# H.R.4269 - Assault Weapons Ban of 2015



## gotta hit (Dec 11, 2007)

https://www.congress.gov/bill/114th-congress/house-bill/4269/text


----------



## James F (Jul 2, 2005)

Wow! Lists just about any arms in the world.


----------



## ldrjay (Apr 2, 2009)

That wont pass.


----------



## supercanoe (Jun 12, 2006)

I hope it does not pass, but after living through the 1994 "AWB" I don't ever take anything for granted. I don't consider any of these firearms as an "AW" since 99.9999 percent of American gun owners never use these firearms to in any kind of "assault".


----------



## ldrjay (Apr 2, 2009)

They would have a better shot with small bits not these huge destined to fail monsters.


----------



## Saugeye Tom (Oct 6, 2010)

gotta hit said:


> https://www.congress.gov/bill/114th-congress/house-bill/4269/text


Time to call our representatives and let em know how we feel


----------



## laynhardwood (Dec 27, 2009)

Wow, I hope this doesn't pass. I don't believe taking guns away from law abiding citizens is the best thing to do.


----------



## joebertin (Mar 26, 2010)

Thanks for the post. I wrote to my congressman:


Please do not pass H.R. 4269. "...the right of the people to keep and bear Arms, shall not be infringed."
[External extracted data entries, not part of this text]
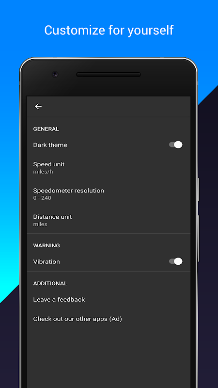 此應用程序是一個GPS速度表,用於顯示設備的速度。您可以選擇速度表的設計,還可以看到速度表的最大和平均速度以及運行時間。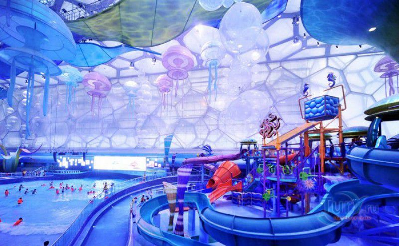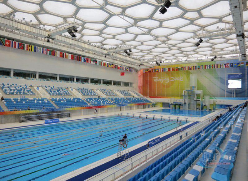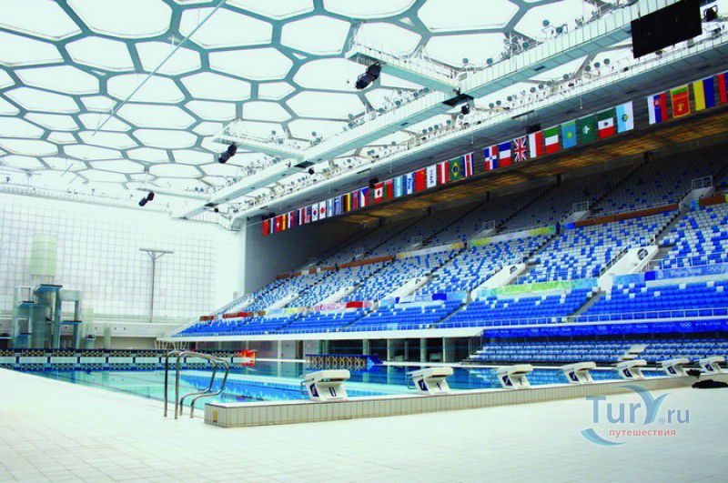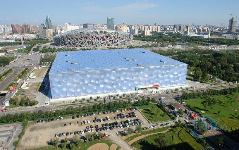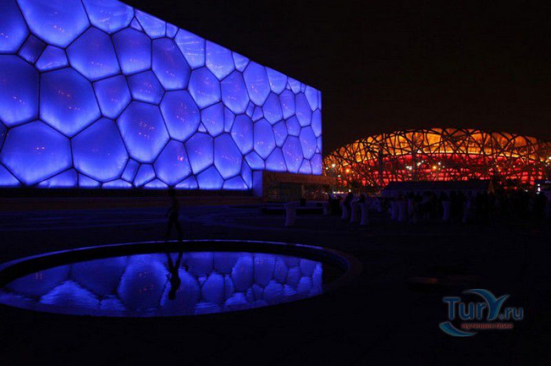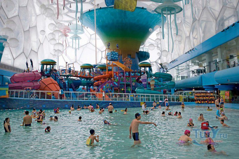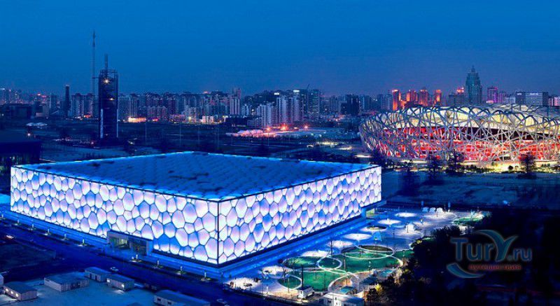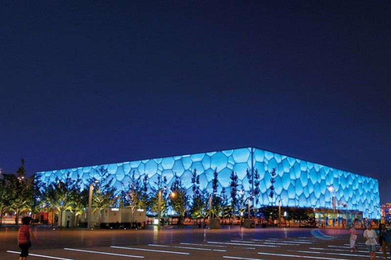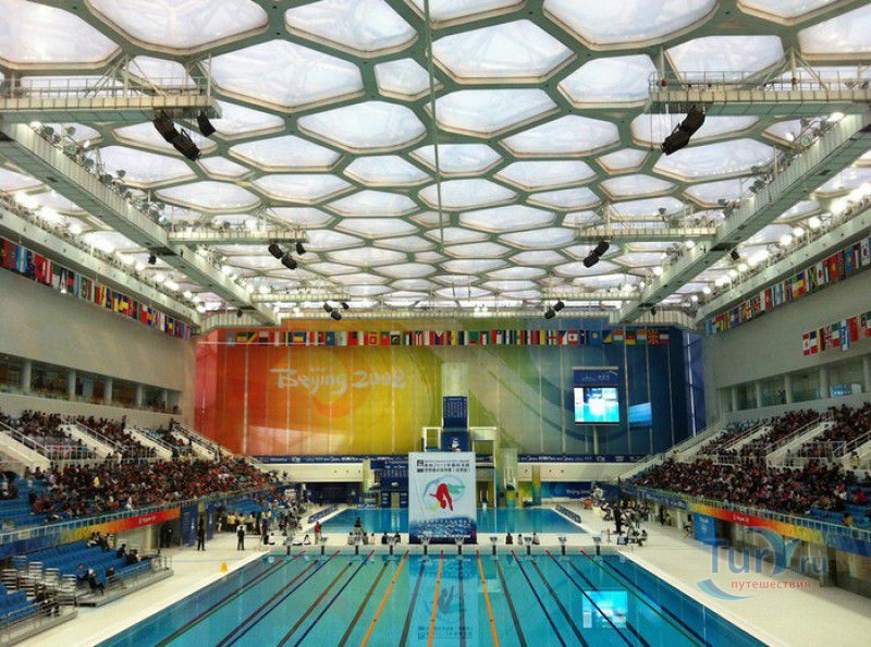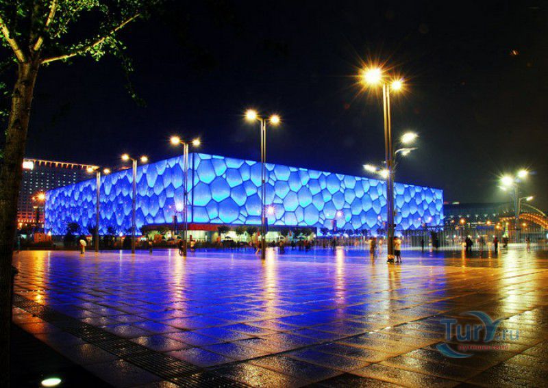Национальный Центр Водных Видов Спорта (Водный Куб) расположен в Пекине, на территории Олимпийской деревни, рядом с Пекинским Национальным стадионом Птичье Гнездо. Водный Центр был построен для проведения соревнований по плаванию во время летних Олимпийских игр 2008 года, проходивших в Пекине. Строительные работы выполнялись австралийской компанией PTW, велись с декабря 2003 года по январь 2008 года. Общая площадь застройки составляет около 100000 квадратных метров, ширина и длина здания - 177 метров, высота - 30 метров. Многие технологии и материалы, используемые при создании Водного Центра являются уникальными и впервые были применены на этом строительном объекте. Стальной каркас, являющийся "скелетом" сооружения, покрыт высокопрочной мембраной из этилентетрафторэтилена, состоящей из пневматических подушек разных размеров, напоминающих мыльные пузыри. Внешняя поверхность аккумулирует солнечную энергию, которая используются для подогрева воды в бассейнах. В то же время, благодаря отражающему покрытию мембраны, даже в самые жаркие дни в помещениях комплекса сохраняется комфортная температура воздуха. Водный Куб способен вместить до 17000 зрителей (6000 постоянных и 11000 временных мест), в нём есть бассейн для соревнований по плаванию, бассейн для подводного плавания с трамплинами для прыжков воду и тренировочный плавательный бассейн. Во время Олимпийских игр в Водном Кубе проходили соревнования по плаванию, прыжкам в воду и синхронному плаванию, были установлены 25 мировых рекордов. В 2010 году в Национальном Центре Водных Видов Спорта был открыт Аквапарк Водный Куб, крупнейший в Китае. Его посетители словно оказываются в сказочном подводном мире, в окружении гигантских медуз, кораллов и тропических рыб. По всему периметру аквапарка течёт Ленивая река, центральную часть занимает огромный бассейн с искусственными волнами. Посреди бассейна установлена сцена, на которой проходят красочные шоу. В аквапарке оборудована детская зона с горками, аттракционами, опрокидывающими бочками и гейзерами. К услугам любителей острых ощущений - водные горки и аттракционы Торнадо, Пулевой водоворот, Водная петля, Скоростной спуск, Водоворот, Змеиный серпантин и другие. Посетители могут расслабиться в СПА-центре, посетить рестораны и бары, принять участие в весёлых конкурсах и розыгрышах призов. В Водном Кубе проходят выставки, театральные постановки, яркие шоу и концерты, в кинотеатре Театр Капель демонстрируют 3D и HD фильмы.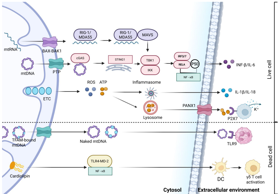 线粒体源性:线粒体DNA(mtDNA)通过TLR9和NLRP3炎症小体激活免疫反应,而线粒体双链RNA(mt-dsRNA)通过RIG-I/MDA5通路诱导抗病毒样反应。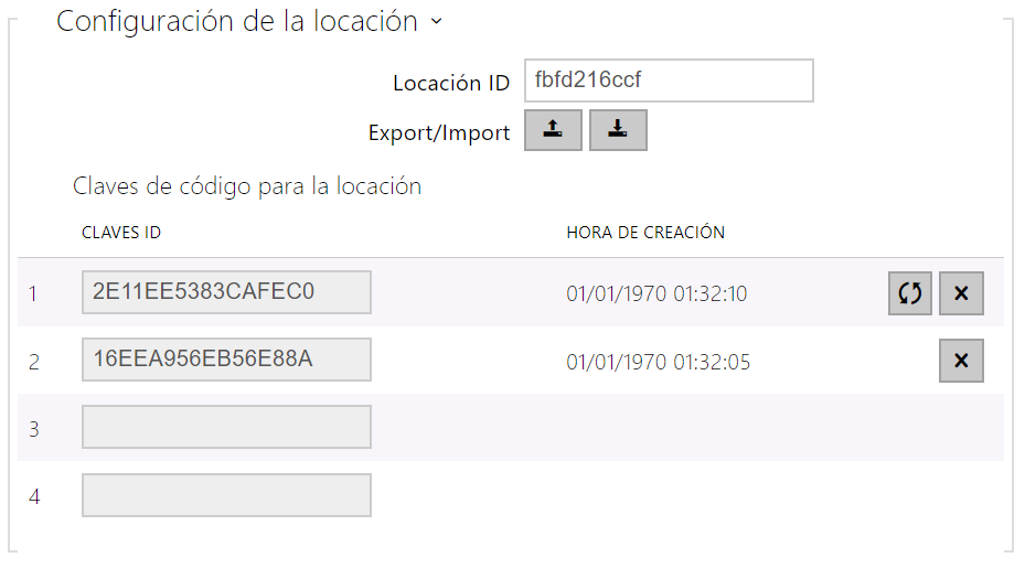 - ID de la localización – identificador inconfundible de la localización dentro de la cuál está vigente el conjunto de las claves de codificación configuradas.
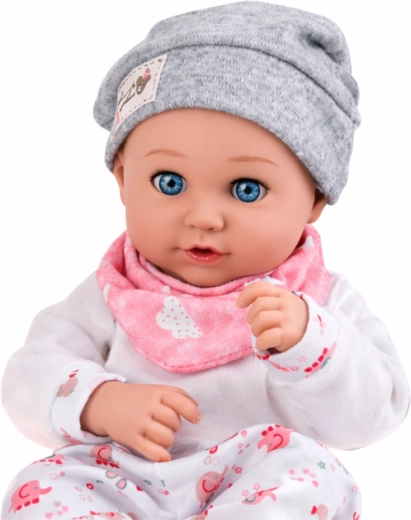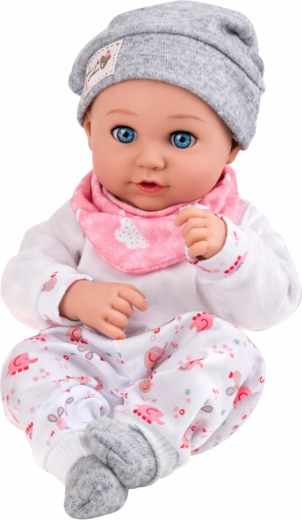 Tato pečlivě zpracovaná panenka napodobuje skutečné miminko – jemné rysy, přátelský výraz a detailní provedení vyvolají u dětí touhu se starat a napodobovat dospělé. Světlý pajac s decentním vzorem, měkká čepička a růžový bryndák krásně ladí v pastelové kombinaci.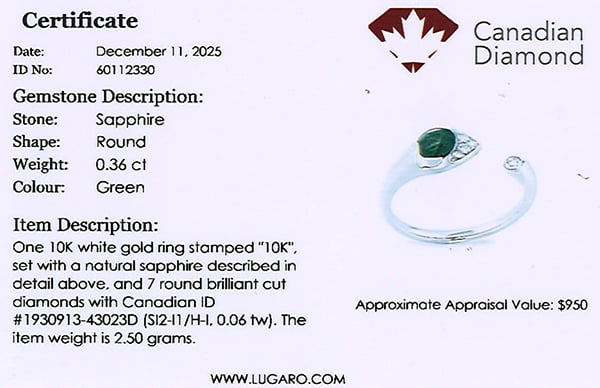 10k yellow gold ring features 0.06 carat total weight round brilliant cut Canadian diamond, accented by 0.36 carat green sapphire.

Definition of "infringed" is: "act so as to limit or undermine (something); encroach on."

The law is unconstitutional, irrational, and would only affect law abiding citizens. Criminals by definition do not obey laws.

We should be legislating for resolving mental health, and immigration problems which are at the core of all mass shootings.

Please, please, please wake our misdirected representatives.



We need to act, write your congressman.


----------



## kparrott154 (Mar 26, 2007)

I find it funny that a folding stock makes a gun an "assault weapon". For example, the Ruger Mini-14 without a folding stock is exempt.... It's the same freaking gun with or without a folding stock!


----------